Hot on the heels of that rather confusing exchange, comes the news that the Arts Council are not jettisoning their Sustainability Programme. That must surely be a relief to so many that toiled over making decisions to affect “permanent and significant change” for their organisations. But the problem is, the programme isn’t actually being rolled out either, instead the Arts Council is asking to run it parallel to the 2016/17 annual funding process. 

In the BBC NI The View interview, the Culture Minister couldn’t rule out seeing more cuts, while at the same time she advocated for the arts and stressed “wanting to be a champion for the arts”. And we are all the more reassured about how all of this will add up when the minister tells us that “up to 80% of people have enjoyed or participated in the arts, however there are many more that haven’t".

The minister added it was “an easy decision to make”; to cut the orchestra (as the example suggested) in order to fund other priorities, expressly "looked-after children in care". Undoubtedly those children deserve every additional support to increase limited life chances but there are organisations, indeed arts organisations that do indeed support this activity. Some of them may ironically be cut too.

The fact that 32 organisations will see a significant loss of revenue this year, will have a range of consequences. A great many of those organisations will have little choice it seems but to cut the very thing that the minister wants to promote, namely outreach into communities. Not to spite her, but because this work is largely offered free of charge and is supported by funding alone. Now, not all organisations will resort to this and I would urge all those affected not to make matters any worse for the most marginalised here and instead to redouble their collective efforts to support the widest engagement in the arts. Others will not be able to deliver any additional aspects to tours, or events. 

Options become more limited. 

Planning, when faced with uncertainty, more problematic. 

Risk grows, not participation.

In seeking to stabilise the bigger organisations, there will in all likelihood be less monies for the rest of the sector and less certainty. The ripples of this cut/re-prioritisation/whatever will be felt by more organisations than just those immediately affected.

And in seeking to represent an integrated policy to support the arts (like that in sport) whilst making these funding decisions where it is difficult to see the policy direction, it all feels counter-intuitive to supporting any integrated strategy.  

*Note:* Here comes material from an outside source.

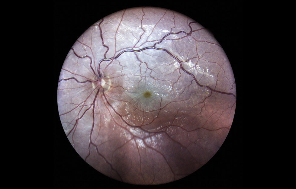 При поступлении в клинику у больного максимально корригированная острота зрения (МКОЗ) обоих глаз (OU) -1.0. При визуальном осмотре левого глаза наблюдалась передняя камера средней глубины, угол был частично закрыт, трабекулы прослеживались не во всех отделах, влага прозрачная. Хрусталик и стекловидное тело были прозрачны. На глазном дне был виден диск зрительного нерва с чёткими контурами, бледно-розовый, слегка монотонный. Экскавация диска зрительного нерва (ЭД) составляло 5-6:10. Соотношение артерий к венам — 1:2. Артерии сужены. Макулярный рефлекс чёткий. На периферии наблюдается субретинальный фиброз в наружных отделах и микрососудистые аномалии.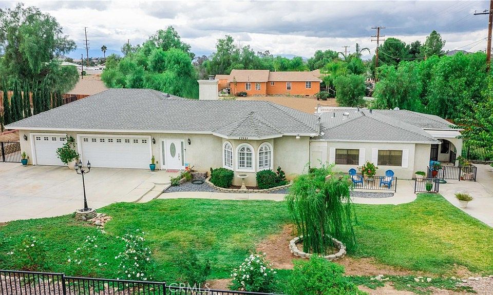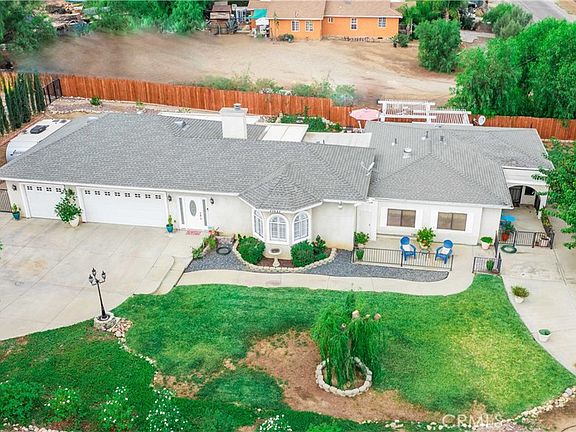 STUNNING REMODELED SINGLE STORY HOME ON A FULLY GATED 1/2 ACRE CORNER LOT! Rural living with a high-end feel. This meticulously maintained 1/2 acre property is your own private oasis and an entertainer's dream! With plenty of outdoor spaces to choose from to sit and enjoy your morning cup of coffee and listen to the peaceful silence. This well designed lot has ample parking with 2 driveways, 2 different spaces for RV Parking, and a spacious 3-car attached garage with built-in shelving and storage. Attached to the garage is an oversized laundry room that will knock your socks off! This multi-terraced property has 4 separate gated sections and a mini-orchard with approximately 15 fruit trees. Want to add an ADU or guest house? There is a corner portion of the lot that is fully fenced off for anything your heart desires, perfect for ADU, pool, pets, you name it! Truly exceptional, the custom designed floor plan features a warm, welcoming interior, with large entertainment spaces, flow-through living/dining area, with and updated stone fireplace, and newly upgraded WPC 100% waterproof luxury vinyl plank flooring throughout. The Master Bedroom is like a private getaway, with its own separate entry, and oversized walk in closet. Both bathrooms have been recently remodeled with tile flooring, updated vanities, and custom tile work. Plenty of places to sit and have a bite to eat with a dining nook in the family room with newer plantation shutters in the alcove, as well as a more formal dining area attached to the kitchen. Speaking of the kitchen, this gorgeously remodeled kitchen has granite countertops and new professional Kucht gas range! Or, take it outdoors and host an alfresco party in the wonderfully secluded backyard which features a NEW large aluma-wood patio cover with recessed lighting, a NEW stunning, tranquil water fountain, and an above ground heated spa for a party of 1, 2, or up to 6. Out here you will also notice the huge outdoor kitchen with built-in BBQ, pass-through window to interior kitchen, and plenty of storage and countertop space! The go-to spot for year round fun! The Sellers have spared no expense on recent upgrades including: NEW Rheem HVAC furnace with carbon filter, air-scrubber, and ultraviolet light, NEW main gas line, NEW hot water heater, NEW wood fencing along left side of property, NEW Aquasana whole house water filtration system with custom outdoor cabinet, and NEW Reverse Osmosis Water System! Let's open escrow!

This scenario seems to be playing out across all areas, affecting the vulnerable most. The Third Sector, those working in all charitable institutions wishing to do good and provide significant civic benefit through public funding, are having an increasingly worrying time of it. All Third Sector organisations are governed by volunteers: It is their personal reputation and indeed, liability that is at stake. When any charitable organisation is plunged into such uncertainty, and policy and funding decisions are made in an increasingly ad hoc way, it makes the work and position of ordinary people very vulnerable. The personal liability of a great swathe of the sector is increasingly under threat. As are jobs, access and indeed participation, in all facets of life.

As some ministers operate their semi-detached postures, “the hokey-cokey arrangements” as some newspapers rather flippantly refer to it, or as other ministers are indeed at their desks making "good and bad decisions", it is very easy to get lost in the confusion of it all. 

The constant stream of mixed messages makes everything so garbled. There seems to be no respite. 

But really, what can we expect? We have been public funding dependent for decades because of the huge, almost intractable problems we had during our conflict and now as an aftermath of that tumult, when we require support to continue into prosperity and peace, we find we are being denied the resources. Our understandable yet undeniable dependency cannot be managed by simply turning off the money supply. If we do not constructively offer greater mitigating support to all agencies and services, things will not simply wither away – they will fall apart. 

There can be little confusion about that.